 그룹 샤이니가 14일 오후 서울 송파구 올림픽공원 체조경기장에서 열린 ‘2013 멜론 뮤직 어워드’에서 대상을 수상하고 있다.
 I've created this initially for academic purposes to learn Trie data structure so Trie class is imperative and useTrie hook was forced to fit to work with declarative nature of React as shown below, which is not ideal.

----------

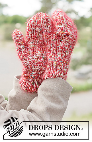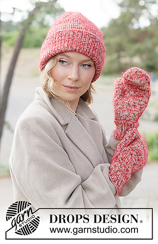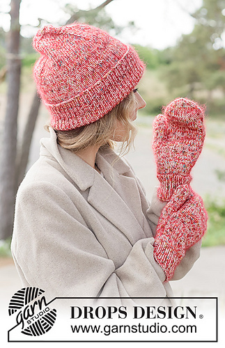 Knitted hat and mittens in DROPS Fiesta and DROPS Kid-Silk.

----------

* Exercise objective *
Beginning with the line containing "그룹 샤이니가 14일" in the material above, copy every line exactly until you have copied the line containing "I've created this".

* Completed exercise *
 그룹 샤이니가 14일 오후 서울 송파구 올림픽공원 체조경기장에서 열린 ‘2013 멜론 뮤직 어워드’에서 대상을 수상하고 있다.
 I've created this initially for academic purposes to learn Trie data structure so Trie class is imperative and useTrie hook was forced to fit to work with declarative nature of React as shown below, which is not ideal.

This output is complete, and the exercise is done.